Quantum Measurement as Coherence Reconfiguration in Aetherium

This paper is part of the Aetherium Foundations Phase, which develops the formal field equations, emergent geometry, and theoretical structure underlying the Aetherium substrate.

The quantum measurement problem arises from the tension between the linear, deterministic evolution of quantum states and the emergence of single, definite outcomes in measurement. Standard formulations introduce collapse postulates or interpretive overlays but provide no physically grounded mechanism for outcome selection within a single world. The Aetherium framework resolves this tension by introducing a pre‑geometric substrate whose intrinsic property is coherence, constrained by the resonant structure of the substrate.
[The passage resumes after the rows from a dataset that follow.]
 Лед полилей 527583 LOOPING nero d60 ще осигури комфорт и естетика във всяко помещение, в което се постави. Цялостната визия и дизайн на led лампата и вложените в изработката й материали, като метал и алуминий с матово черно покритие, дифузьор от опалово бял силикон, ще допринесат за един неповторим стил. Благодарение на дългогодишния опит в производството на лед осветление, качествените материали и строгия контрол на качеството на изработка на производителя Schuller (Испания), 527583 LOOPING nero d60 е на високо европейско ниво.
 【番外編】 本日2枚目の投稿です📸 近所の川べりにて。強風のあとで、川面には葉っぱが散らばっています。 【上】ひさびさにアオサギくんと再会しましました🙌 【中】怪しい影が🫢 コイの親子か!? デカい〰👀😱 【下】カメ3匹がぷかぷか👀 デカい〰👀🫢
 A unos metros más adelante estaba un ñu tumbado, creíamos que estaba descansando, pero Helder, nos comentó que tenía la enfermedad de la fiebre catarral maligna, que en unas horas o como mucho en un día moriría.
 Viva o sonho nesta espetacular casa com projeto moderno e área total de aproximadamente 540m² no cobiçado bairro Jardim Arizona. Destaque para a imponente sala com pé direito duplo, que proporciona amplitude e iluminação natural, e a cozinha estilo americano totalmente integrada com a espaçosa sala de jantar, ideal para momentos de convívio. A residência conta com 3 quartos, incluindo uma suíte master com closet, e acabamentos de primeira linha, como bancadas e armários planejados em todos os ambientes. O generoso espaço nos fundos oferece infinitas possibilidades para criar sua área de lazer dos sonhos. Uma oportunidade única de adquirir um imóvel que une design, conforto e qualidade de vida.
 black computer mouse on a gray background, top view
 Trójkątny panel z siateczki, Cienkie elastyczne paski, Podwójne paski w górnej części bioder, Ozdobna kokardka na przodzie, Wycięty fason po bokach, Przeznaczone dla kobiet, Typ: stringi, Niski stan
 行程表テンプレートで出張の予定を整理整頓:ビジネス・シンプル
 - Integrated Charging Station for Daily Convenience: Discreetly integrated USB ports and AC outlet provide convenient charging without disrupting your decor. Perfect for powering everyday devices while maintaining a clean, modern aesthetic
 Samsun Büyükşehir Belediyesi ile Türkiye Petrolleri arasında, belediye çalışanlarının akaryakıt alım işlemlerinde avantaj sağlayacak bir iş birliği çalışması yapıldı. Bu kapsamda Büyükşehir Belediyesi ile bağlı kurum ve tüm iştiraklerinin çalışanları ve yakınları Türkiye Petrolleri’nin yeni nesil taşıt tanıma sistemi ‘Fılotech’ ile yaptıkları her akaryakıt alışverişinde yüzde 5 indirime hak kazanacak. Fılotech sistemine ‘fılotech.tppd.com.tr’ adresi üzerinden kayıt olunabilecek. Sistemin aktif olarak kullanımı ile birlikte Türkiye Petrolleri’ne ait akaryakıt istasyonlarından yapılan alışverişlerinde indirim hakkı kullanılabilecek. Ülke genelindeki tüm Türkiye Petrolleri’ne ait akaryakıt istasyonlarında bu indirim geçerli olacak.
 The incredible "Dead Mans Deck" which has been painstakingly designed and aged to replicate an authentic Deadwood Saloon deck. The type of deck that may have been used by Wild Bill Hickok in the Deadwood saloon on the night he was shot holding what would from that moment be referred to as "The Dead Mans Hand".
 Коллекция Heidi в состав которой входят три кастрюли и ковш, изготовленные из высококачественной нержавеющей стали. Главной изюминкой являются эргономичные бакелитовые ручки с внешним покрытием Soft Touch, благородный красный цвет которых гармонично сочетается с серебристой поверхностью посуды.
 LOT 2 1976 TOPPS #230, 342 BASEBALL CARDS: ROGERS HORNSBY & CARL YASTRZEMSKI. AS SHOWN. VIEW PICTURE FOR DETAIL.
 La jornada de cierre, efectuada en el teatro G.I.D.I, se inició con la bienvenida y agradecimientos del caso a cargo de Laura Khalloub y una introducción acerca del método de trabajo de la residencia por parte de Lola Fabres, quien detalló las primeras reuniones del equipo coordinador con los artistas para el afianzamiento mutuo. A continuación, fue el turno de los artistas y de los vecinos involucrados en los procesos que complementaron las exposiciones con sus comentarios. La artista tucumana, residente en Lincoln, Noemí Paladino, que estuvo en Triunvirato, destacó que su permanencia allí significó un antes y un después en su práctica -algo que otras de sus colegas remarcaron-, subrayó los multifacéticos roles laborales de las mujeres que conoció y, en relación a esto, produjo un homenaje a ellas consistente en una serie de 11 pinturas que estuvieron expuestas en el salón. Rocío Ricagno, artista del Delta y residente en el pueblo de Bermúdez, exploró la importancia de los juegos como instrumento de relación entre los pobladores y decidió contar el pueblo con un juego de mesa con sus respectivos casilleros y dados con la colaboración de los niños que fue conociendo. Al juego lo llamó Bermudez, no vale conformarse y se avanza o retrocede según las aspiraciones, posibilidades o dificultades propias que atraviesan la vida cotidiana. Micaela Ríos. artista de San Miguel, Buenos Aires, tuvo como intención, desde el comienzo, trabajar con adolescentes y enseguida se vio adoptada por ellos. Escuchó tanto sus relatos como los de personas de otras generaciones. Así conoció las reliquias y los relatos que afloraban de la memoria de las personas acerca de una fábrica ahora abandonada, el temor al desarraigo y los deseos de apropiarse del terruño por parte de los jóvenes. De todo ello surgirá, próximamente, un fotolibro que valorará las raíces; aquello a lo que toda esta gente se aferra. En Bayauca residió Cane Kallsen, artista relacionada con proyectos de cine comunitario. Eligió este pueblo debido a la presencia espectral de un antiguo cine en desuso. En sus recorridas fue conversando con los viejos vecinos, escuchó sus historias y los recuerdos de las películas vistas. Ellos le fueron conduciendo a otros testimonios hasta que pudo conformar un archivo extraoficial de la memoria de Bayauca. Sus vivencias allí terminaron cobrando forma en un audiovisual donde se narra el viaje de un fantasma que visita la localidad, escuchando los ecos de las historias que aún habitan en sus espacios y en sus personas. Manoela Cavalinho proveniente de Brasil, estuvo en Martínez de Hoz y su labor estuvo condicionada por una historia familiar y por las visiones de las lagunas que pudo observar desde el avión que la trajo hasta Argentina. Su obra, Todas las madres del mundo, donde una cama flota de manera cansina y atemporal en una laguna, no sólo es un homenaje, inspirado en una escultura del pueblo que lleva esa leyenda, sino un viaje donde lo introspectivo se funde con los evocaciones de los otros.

Quantum states are coarse‑grained descriptions of coherence patterns, and measurement corresponds to a coherence‑reconfiguration event in which the combined system–apparatus coherence aligns with a resonance‑compatible configuration. Decoherence stabilizes this configuration by redistributing coherence across many degrees of freedom, while probabilities arise from the relative stability of resonant attractor states, yielding the Born rule as a structural consequence of the substrate’s resonance architecture. This coherence‑first ontology provides a single‑world, realist, and local account of measurement that preserves the empirical success of quantum theory while eliminating collapse, branching, and observer‑dependence. The result is a unified and physically meaningful foundation for understanding the quantum‑to‑classical transition.